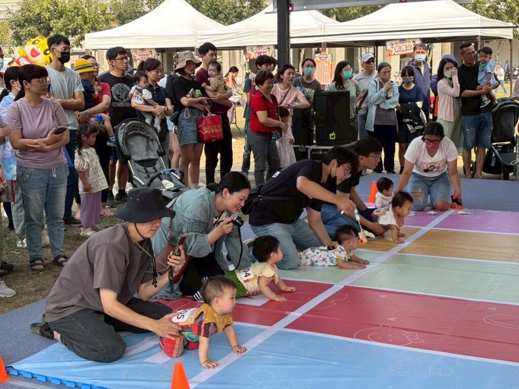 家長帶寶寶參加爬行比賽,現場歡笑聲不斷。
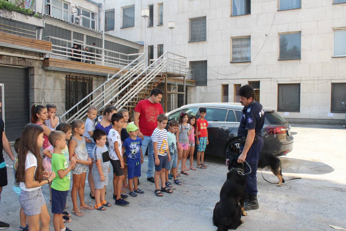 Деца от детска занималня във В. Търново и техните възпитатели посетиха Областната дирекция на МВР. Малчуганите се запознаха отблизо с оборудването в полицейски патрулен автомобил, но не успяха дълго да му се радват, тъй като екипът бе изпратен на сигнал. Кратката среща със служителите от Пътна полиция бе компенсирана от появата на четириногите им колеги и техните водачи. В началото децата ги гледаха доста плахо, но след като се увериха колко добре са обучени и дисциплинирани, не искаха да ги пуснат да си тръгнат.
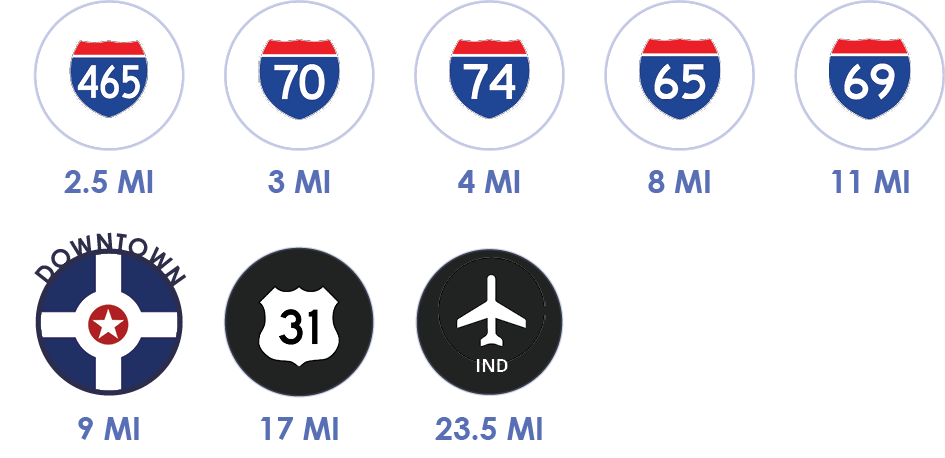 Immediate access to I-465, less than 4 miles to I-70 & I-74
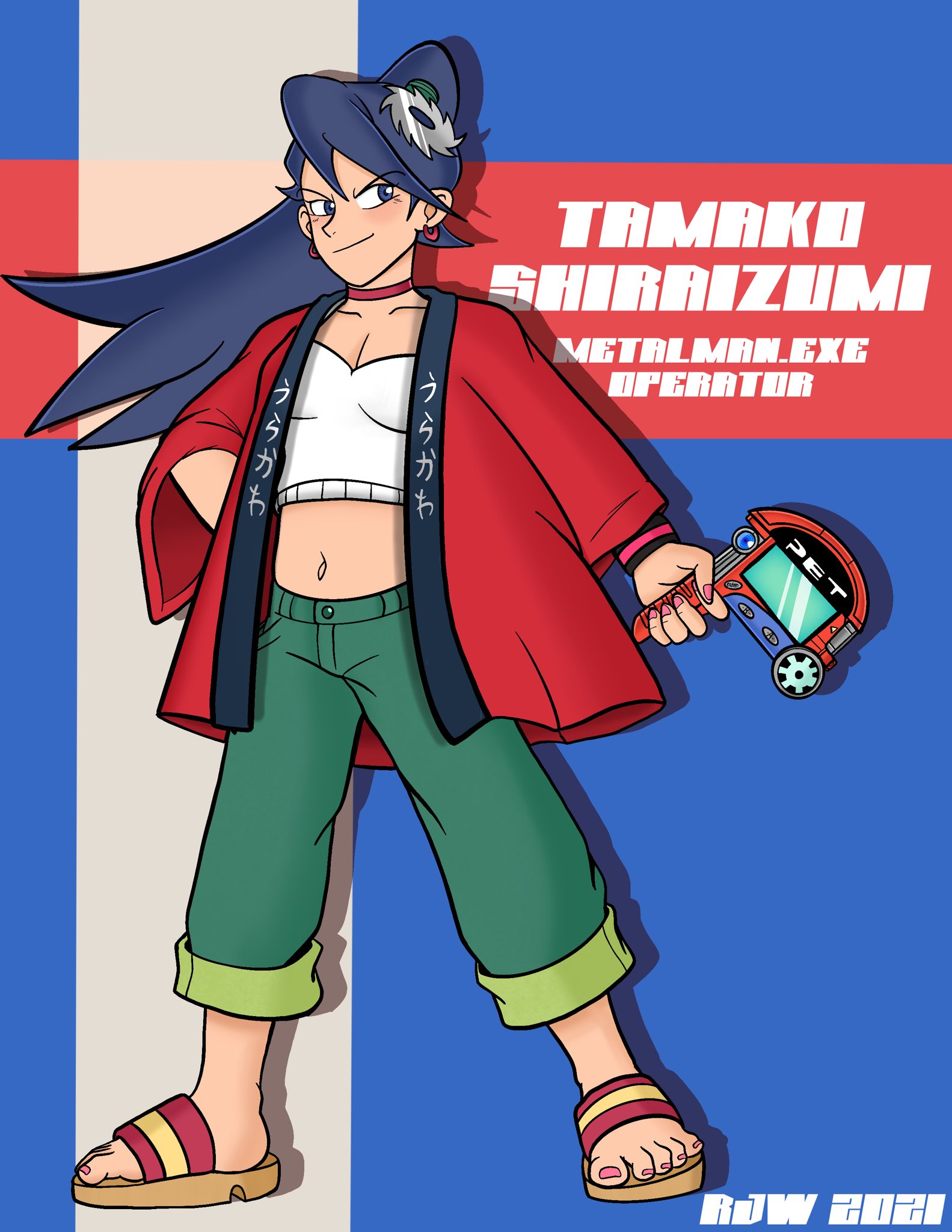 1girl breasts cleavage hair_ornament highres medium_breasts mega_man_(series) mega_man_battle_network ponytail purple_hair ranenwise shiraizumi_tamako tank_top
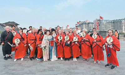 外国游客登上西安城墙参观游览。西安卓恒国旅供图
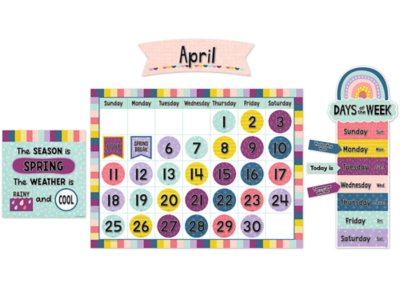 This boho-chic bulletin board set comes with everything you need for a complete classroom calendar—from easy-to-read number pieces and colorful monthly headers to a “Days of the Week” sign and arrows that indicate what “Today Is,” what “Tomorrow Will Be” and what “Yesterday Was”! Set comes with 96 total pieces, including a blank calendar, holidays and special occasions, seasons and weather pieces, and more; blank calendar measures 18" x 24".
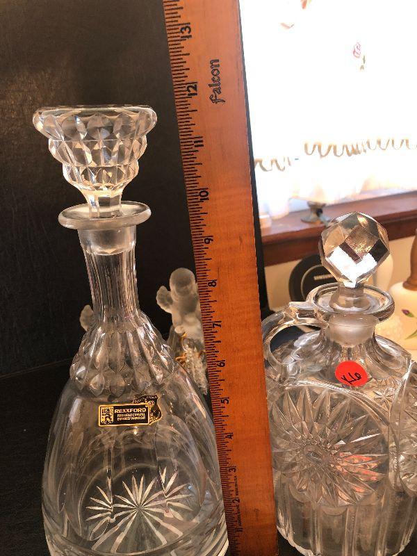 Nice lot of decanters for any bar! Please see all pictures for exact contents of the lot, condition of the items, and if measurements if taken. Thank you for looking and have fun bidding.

→ **EXERCISE**: Make an exact copy of the whole listing, but don't bring over any pictures.

→ **TASK OUTPUT**:
 家長帶寶寶參加爬行比賽,現場歡笑聲不斷。
 Деца от детска занималня във В. Търново и техните възпитатели посетиха Областната дирекция на МВР. Малчуганите се запознаха отблизо с оборудването в полицейски патрулен автомобил, но не успяха дълго да му се радват, тъй като екипът бе изпратен на сигнал. Кратката среща със служителите от Пътна полиция бе компенсирана от появата на четириногите им колеги и техните водачи. В началото децата ги гледаха доста плахо, но след като се увериха колко добре са обучени и дисциплинирани, не искаха да ги пуснат да си тръгнат.
 Immediate access to I-465, less than 4 miles to I-70 & I-74
 1girl breasts cleavage hair_ornament highres medium_breasts mega_man_(series) mega_man_battle_network ponytail purple_hair ranenwise shiraizumi_tamako tank_top
 外国游客登上西安城墙参观游览。西安卓恒国旅供图
 This boho-chic bulletin board set comes with everything you need for a complete classroom calendar—from easy-to-read number pieces and colorful monthly headers to a “Days of the Week” sign and arrows that indicate what “Today Is,” what “Tomorrow Will Be” and what “Yesterday Was”! Set comes with 96 total pieces, including a blank calendar, holidays and special occasions, seasons and weather pieces, and more; blank calendar measures 18" x 24".
 Nice lot of decanters for any bar! Please see all pictures for exact contents of the lot, condition of the items, and if measurements if taken. Thank you for looking and have fun bidding.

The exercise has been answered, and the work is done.